=== Begin Enclosure ===
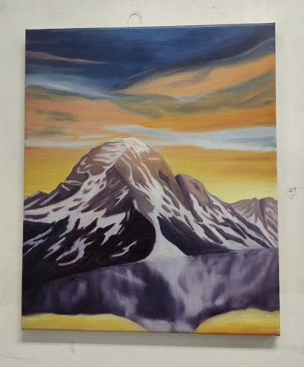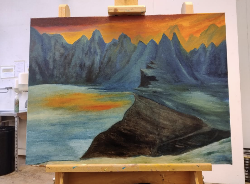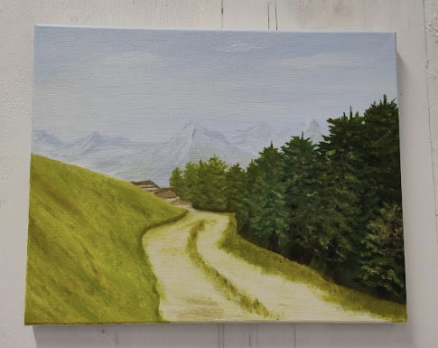 Ondergrond is gesso en acrylverf, 70x100 cm, 2021.
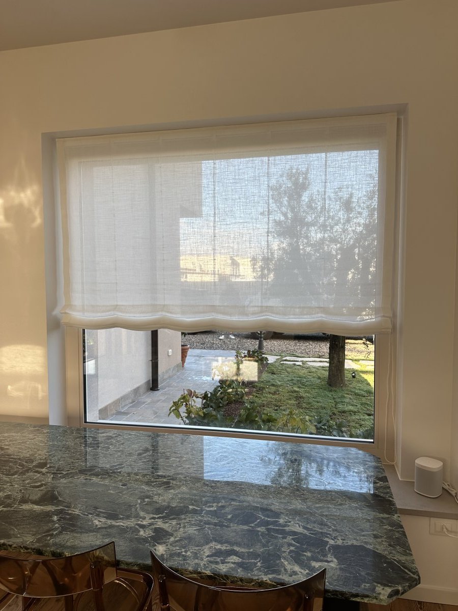 Sotto la vetrata infatti è possibile vedere la tavola da pranzo, il pacchetto grazie al suo movimento verticale permette di posizionare la tenda all'altezza che preferisci.
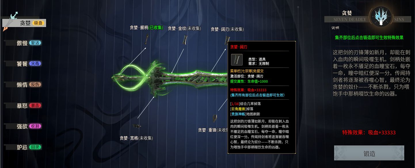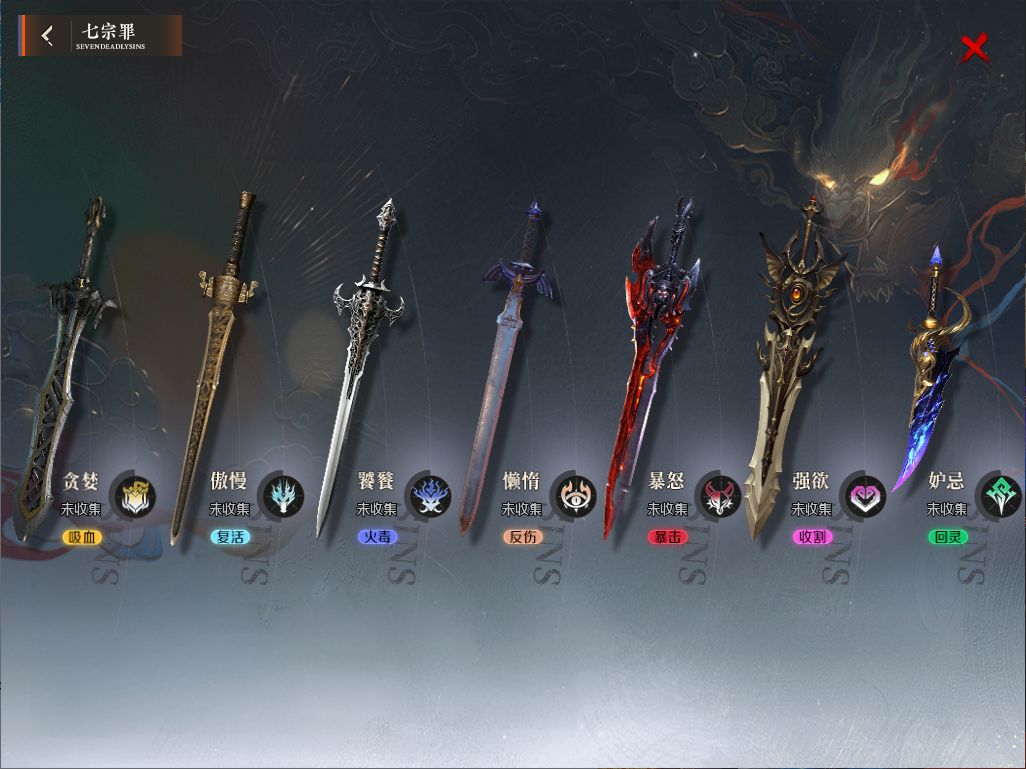 本服最具哲學色彩與收集樂趣的,莫過于七宗罪系統。七把神兵對應人性七種原罪,可以為玩家提供強力的效果,貪婪將提供巨額的吸血屬性;傲慢可以使玩家的復活機會加1;饕餮強化玩家最終傷害;懶惰可以將受到的傷害奉還給攻擊者;暴怒將提供巨額暴擊;強欲直接將對怪切割增幅50%;嫉妒讓玩家每秒恢復1%的血量。
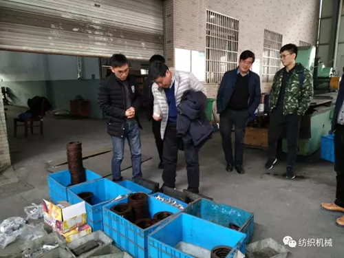期間,調研組一行在朝隆紡機董事長陳連忠等同事的陪同下,在生產車間和加工車間進行了參觀考察。
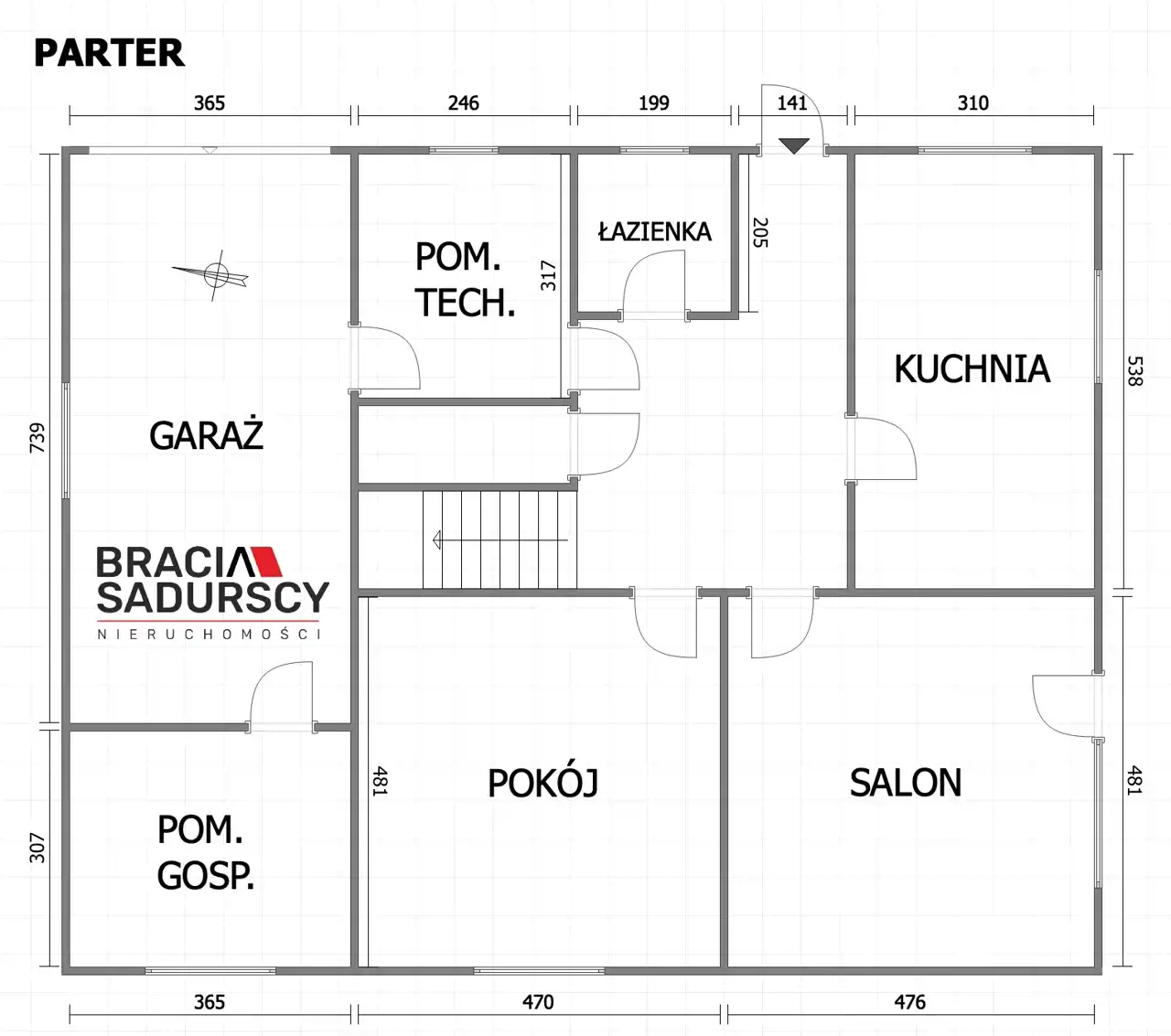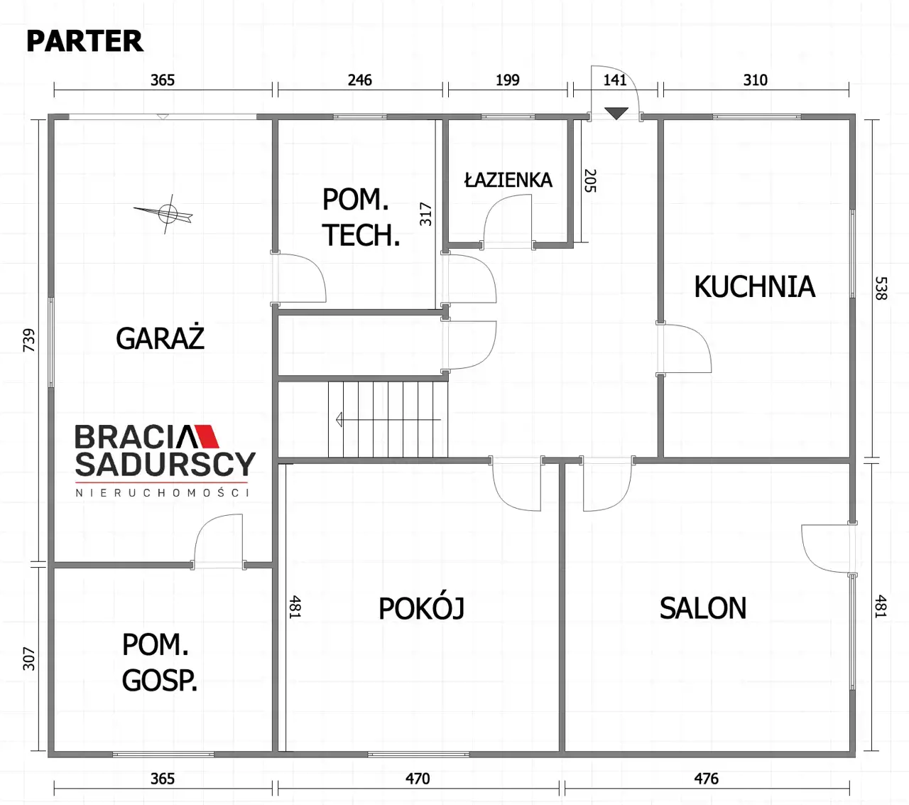 Parter budynku o pow. 136,14 m2, zawiera: 2 pokoje (22,6 m2, 22,9 m2), osobną kuchnię (16,6 m2), łazienkę (4,08 m2), garaż (27,0 m2), pomieszczenie gospodarcze (11,2 m2), kotłownię (7,8 m2) oraz przedpokój.
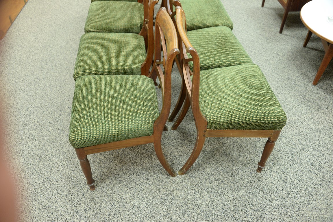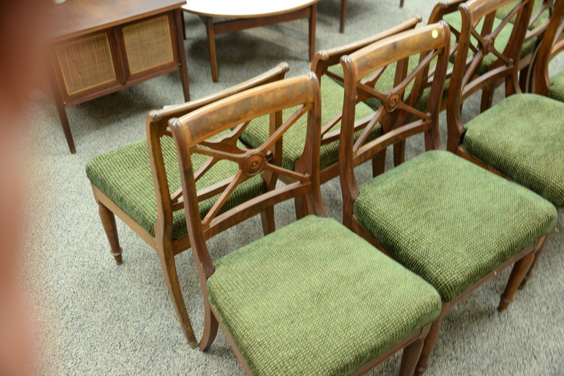 Set of ten mahogany Sheraton side chairs with X backs and upholstered slip seats, probably first quarter 19th century.
=== End Enclosure ===
#### [WORK ORDER]
Please output all the data exactly as given, with the pictures omitted.

#### [RESPONSE]
 Ondergrond is gesso en acrylverf, 70x100 cm, 2021.
 Sotto la vetrata infatti è possibile vedere la tavola da pranzo, il pacchetto grazie al suo movimento verticale permette di posizionare la tenda all'altezza che preferisci.
 本服最具哲學色彩與收集樂趣的,莫過于七宗罪系統。七把神兵對應人性七種原罪,可以為玩家提供強力的效果,貪婪將提供巨額的吸血屬性;傲慢可以使玩家的復活機會加1;饕餮強化玩家最終傷害;懶惰可以將受到的傷害奉還給攻擊者;暴怒將提供巨額暴擊;強欲直接將對怪切割增幅50%;嫉妒讓玩家每秒恢復1%的血量。
期間,調研組一行在朝隆紡機董事長陳連忠等同事的陪同下,在生產車間和加工車間進行了參觀考察。
 Parter budynku o pow. 136,14 m2, zawiera: 2 pokoje (22,6 m2, 22,9 m2), osobną kuchnię (16,6 m2), łazienkę (4,08 m2), garaż (27,0 m2), pomieszczenie gospodarcze (11,2 m2), kotłownię (7,8 m2) oraz przedpokój.
 Set of ten mahogany Sheraton side chairs with X backs and upholstered slip seats, probably first quarter 19th century.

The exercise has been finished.